= Exercise aim =
Apart from the images, output the data below exactly.

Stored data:
################

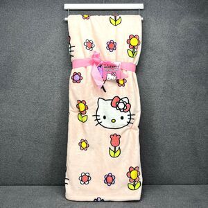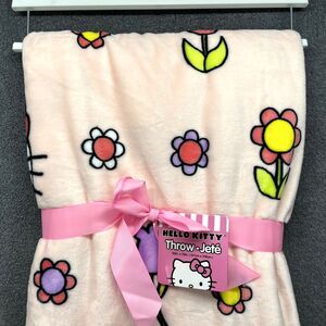 Hello Kitty Blanket Spring Easter Flowers Pink Plush Throw 50" X 70" Sanrio
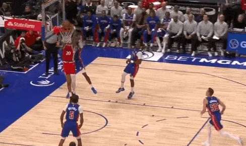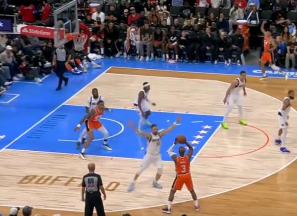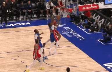 判断到艾维起步终结步点后起跳大帽拒绝。
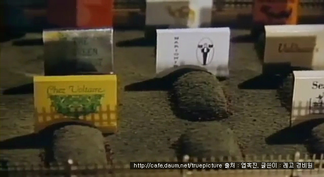 자기가 쓴 비평으로 망해버린 가게의 성냥을 묘비처럼 세워서 장식합니다.
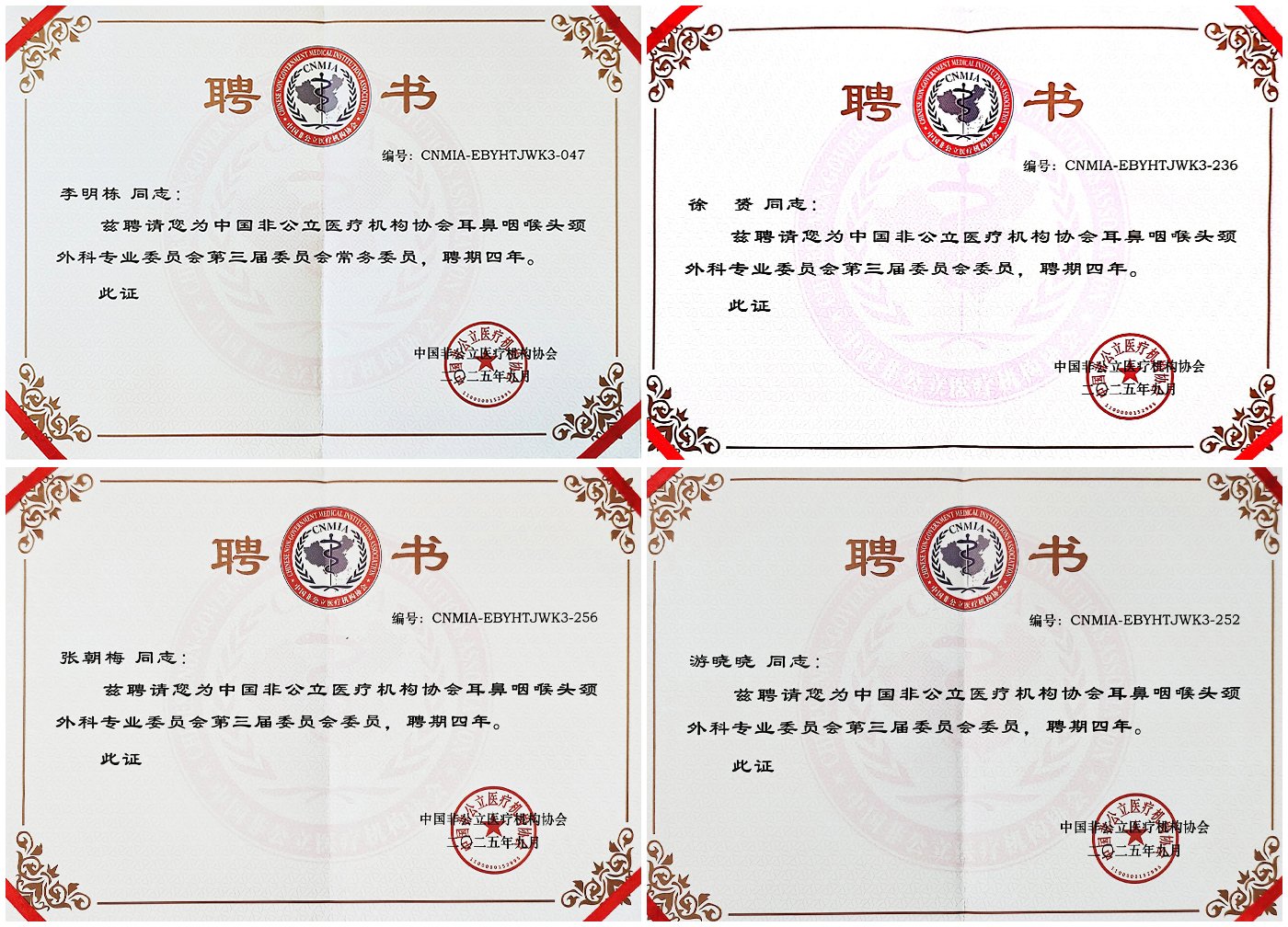 鼻科主任李明栋当选中国非公立医疗机构协会耳鼻咽喉头颈外科专业委员会第三届委员会常务委员;耳科主任张朝梅、咽喉头颈外科主任徐赟、住院部医生游晓晓当选为委员。
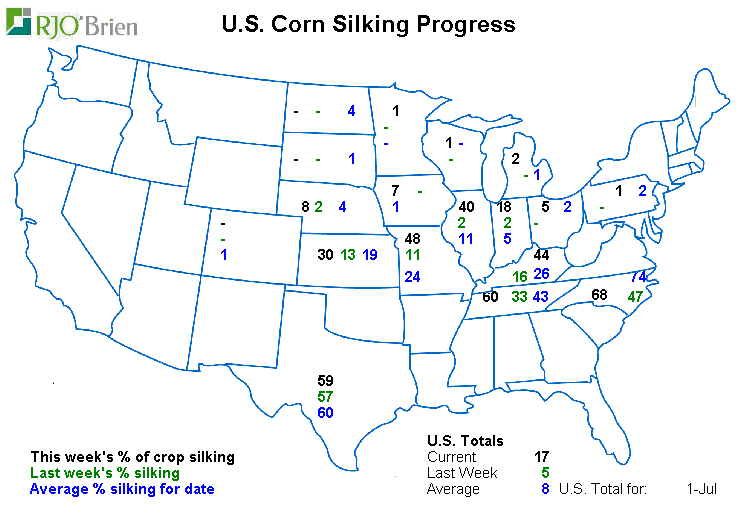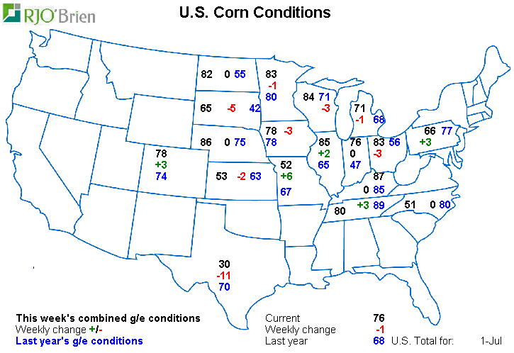 - Condition du maïs américain : 76% bon/excellent vs 76% attendu (75-77% fourchette), 77% semaine dernière, 68% l’an dernier (+2% dans « excellent » / -3% dans « bon »)
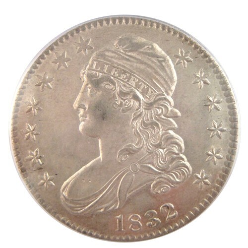 1832 50C Busto con tapa Medio dolar calificado por PCGS como letras minúsculas genuinas
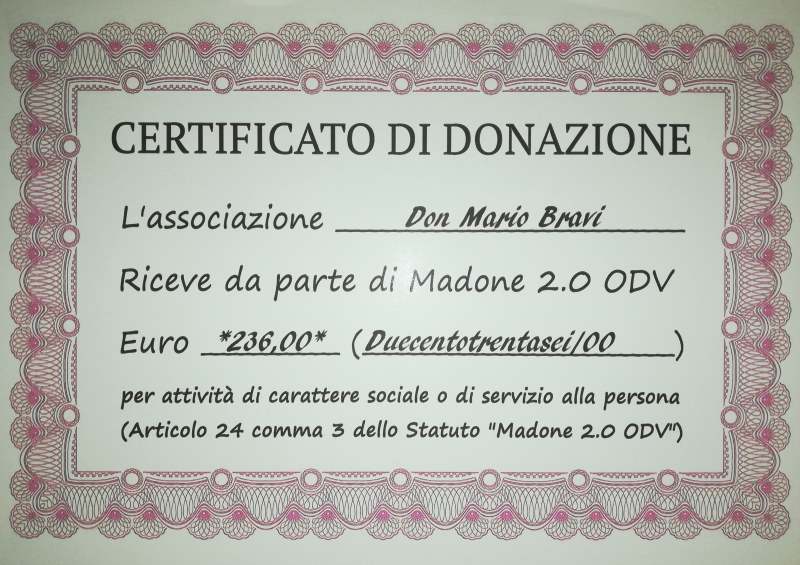Come ogni anno a questa parte, dopo l'approvazione del Bilancio d'Esercizio di Madone 2.0 ODV e in ottemperanza delle disposizioni statutarie, il Presidente Natale Sangalli ha consegnato la cifra corrispondente al quinto delle entrate complessive, all'associazione (o associazioni) scelte durante l'Assemblea dei Soci svoltasi nel primo quadrimestre del 2025. A conti chiusi l'importo da devolvere è risultato pari a 236 euro e considerata la somma esigua, prima di procedere a votazione, i Soci hanno deciso che sarebbe stata destinata interamente all'ente più scelto al termine della stessa, senza procedere ad ulteriori divisioni. L'esito della votazione, avvenuta fra le associazioni di Madone che ne avevano diritto, ha prodotto i seguenti risultati:
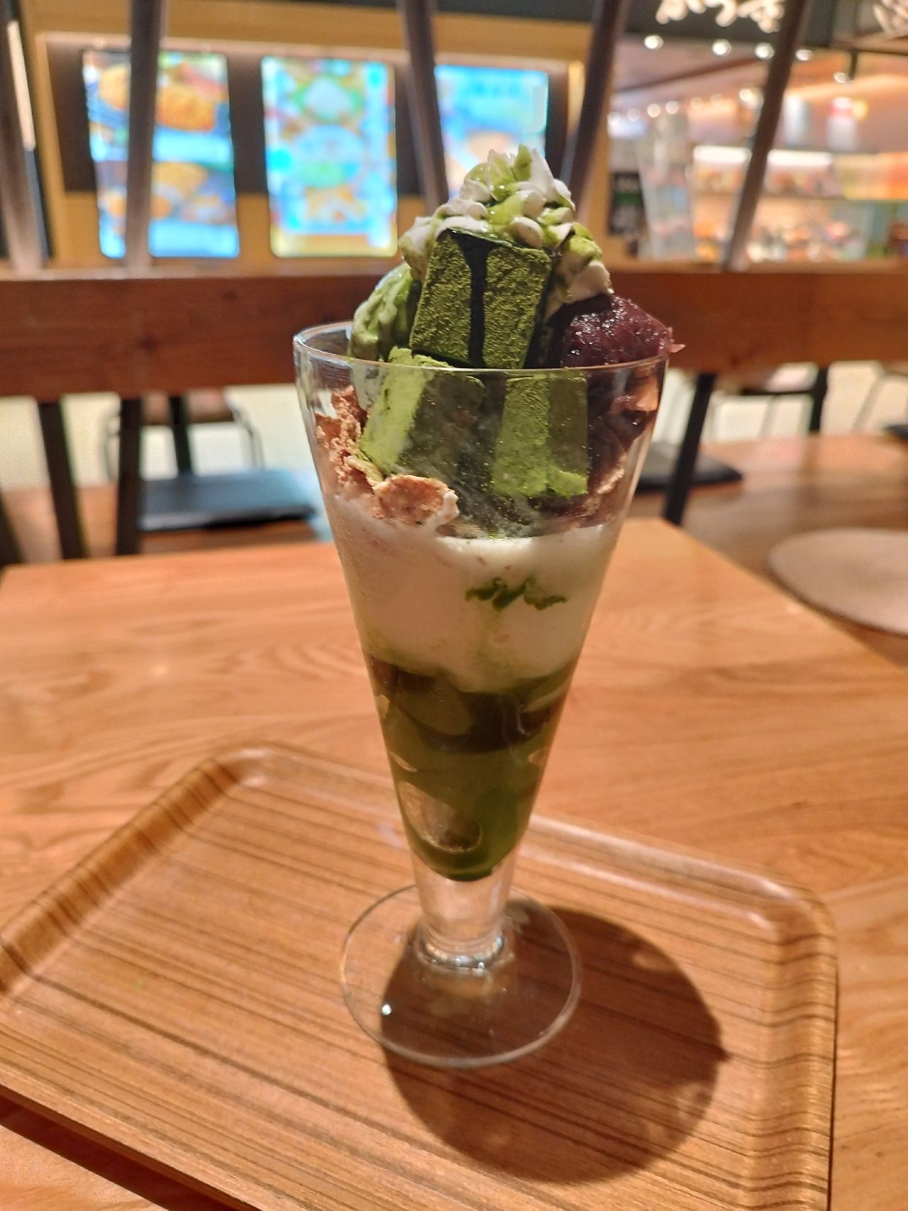 大人気の抹茶のパフェです。つるんとした抹茶ゼリーに濃厚な抹茶蜜を使用しています。口の中で溶ける抹茶生チョコレートが堪りません。締めパフェ、ご褒美パフェなどにいかがでしょうか。

################

= Exercise response =
 Hello Kitty Blanket Spring Easter Flowers Pink Plush Throw 50" X 70" Sanrio
 判断到艾维起步终结步点后起跳大帽拒绝。
 자기가 쓴 비평으로 망해버린 가게의 성냥을 묘비처럼 세워서 장식합니다.
 鼻科主任李明栋当选中国非公立医疗机构协会耳鼻咽喉头颈外科专业委员会第三届委员会常务委员;耳科主任张朝梅、咽喉头颈外科主任徐赟、住院部医生游晓晓当选为委员。
 - Condition du maïs américain : 76% bon/excellent vs 76% attendu (75-77% fourchette), 77% semaine dernière, 68% l’an dernier (+2% dans « excellent » / -3% dans « bon »)
 1832 50C Busto con tapa Medio dolar calificado por PCGS como letras minúsculas genuinas
Come ogni anno a questa parte, dopo l'approvazione del Bilancio d'Esercizio di Madone 2.0 ODV e in ottemperanza delle disposizioni statutarie, il Presidente Natale Sangalli ha consegnato la cifra corrispondente al quinto delle entrate complessive, all'associazione (o associazioni) scelte durante l'Assemblea dei Soci svoltasi nel primo quadrimestre del 2025. A conti chiusi l'importo da devolvere è risultato pari a 236 euro e considerata la somma esigua, prima di procedere a votazione, i Soci hanno deciso che sarebbe stata destinata interamente all'ente più scelto al termine della stessa, senza procedere ad ulteriori divisioni. L'esito della votazione, avvenuta fra le associazioni di Madone che ne avevano diritto, ha prodotto i seguenti risultati:
 大人気の抹茶のパフェです。つるんとした抹茶ゼリーに濃厚な抹茶蜜を使用しています。口の中で溶ける抹茶生チョコレートが堪りません。締めパフェ、ご褒美パフェなどにいかがでしょうか。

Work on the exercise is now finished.